Friday, March 6th, 2009

Steve Shannon
AllianceOn a recent trip to Washington, D.C., I had the pleasure of visiting with Patrick Ross, executive director of the Copyright Alliance. A two-year old organization, it members – all involved in the creation of original works – include songwriters, photographers, recording artists, graphic designers, and software developers, as well as the owners of motion pictures, videogames, and sports leagues.

My chat with Patrick illuminated for me the forces at work in the world of copyright and what the future will hold.  Of course, given my work at BurrellesLuce, a lot of my questions to him were about newspapers and magazines.

In quizzing Patrick about what’s ahead for the printed media, I learned he sees a continuing online evolution. He believes consumers of that media will see a mixed model of free and paid content, with the horse already being out of the barn on free content. Once publishers secure an ongoing and viable business model, Patrick thinks they will then put more muscle behind copyright enforcement, and will rely on technology to track the use of their material.

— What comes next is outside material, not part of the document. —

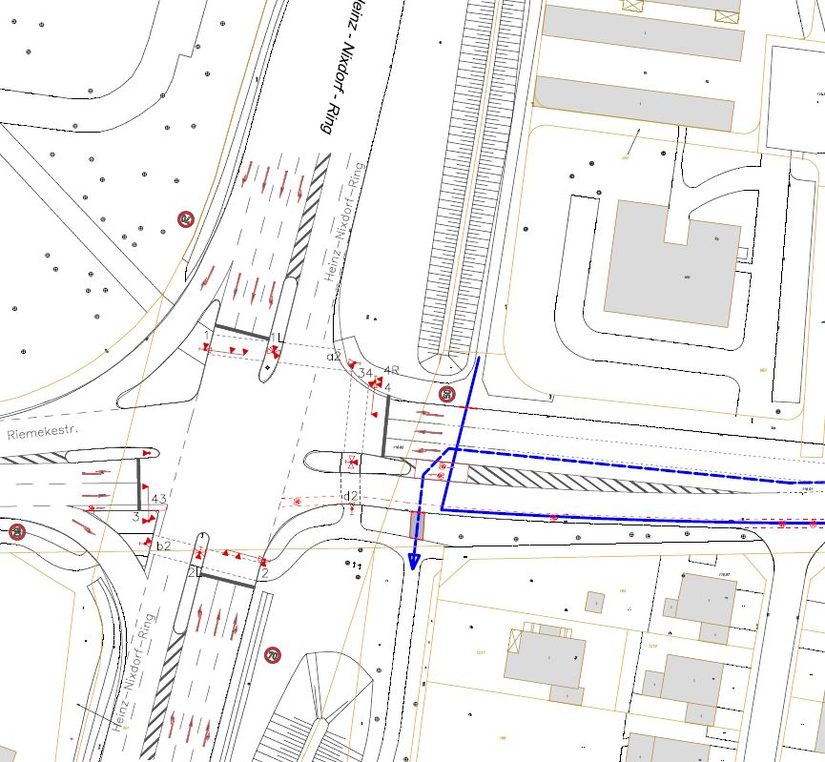 Vor der Kreuzung mit dem Heinz-Nixdorf-Ring bietet eine Aufstellfläche auf der Riemekestraße, zwischen der Mittelinsel und der Sperrfläche, Radlern die Möglichkeit die Riemekestraße zu queren, ohne die Signalanlage nutzen zu müssen. Sowohl die Radler die den Radweg parallel zum Heinz – Nixdorf – Ring weiter geradeaus befahren, als auch die Radler die von der Riemekestraße auf den Radweg abbiegen wollen (und umgekehrt) können diese Aufstellfläche zur Überquerung der Riemekestraße nutzen. Wer von der Riemekestraße links auf den Radweg am Heinz – Nixdorf – Ring abbiegen möchte, ordnet sich zunächst auf der Linksabbiegespur ein und befährt von dort aus die Aufstellfläche, wo er den entgegenkommenden Verkehr abwarten kann. Die Stadt Paderborn möchte besonders in diesem Abschnitt der Riemekestraße dem Radeln in falscher Richtung („Geisterradeln“) entgegenwirken und bietet mit dieser Aufstellfläche den Radfahrenden die Möglichkeit einer schnellen und sicheren Überquerung.

Because most news items have a shelf life, Patrick believes they have a lower value to digital pirates. Still, Patrick notes when piracy does take place, it happens in real time. Going forward, this may force publishers to become hyper-vigilant about protecting their copyrights.  As an example, Patrick points out that the content of his own blog on copyright is already being pirated and used to sell ads. Patrick is flattered that his content is considered valuable, as his readership is remarkably high given the weighty nature of its subject matter, but like any publisher, he wants his users to interact with his content in the context of his choosing, in this case the Copyright Alliance website.

Of note, Patrick told me that while copyright law is about 300 years old, one can find many examples of the use of the word piracy related to takings of original works about 400 years ago.  Clearly copyrights and their infringement is an age-old issue.

Lastly, I asked Patrick what he sees on the horizon for the next two to three years in regard to copyright.  Patrick’s first observation was that the Prioritizing Resources and Organization for Intellectual Property Act of 2007 (PRO-IP Act) signed into law by President Bush is a significant development for copyright protection and enforcement. While not yet funded, PRO-IP should be soon, putting a cabinet-level intellectual property coordinator in the White House and increasing criminal penalties for trademark and copyright infringement. Patrick also thinks the Department of Justice will add staff to their computer crimes division for the specific purpose of piracy enforcement.

In wrapping up with Patrick, I asked one more question about the news media world and how the “build it and they will come” model needs to change.  His answer was quick, succinct, and noteworthy for public relations professional in this new Media 2.0 world: “Find your audience and move towards them with content.”  Copyrighted content of course.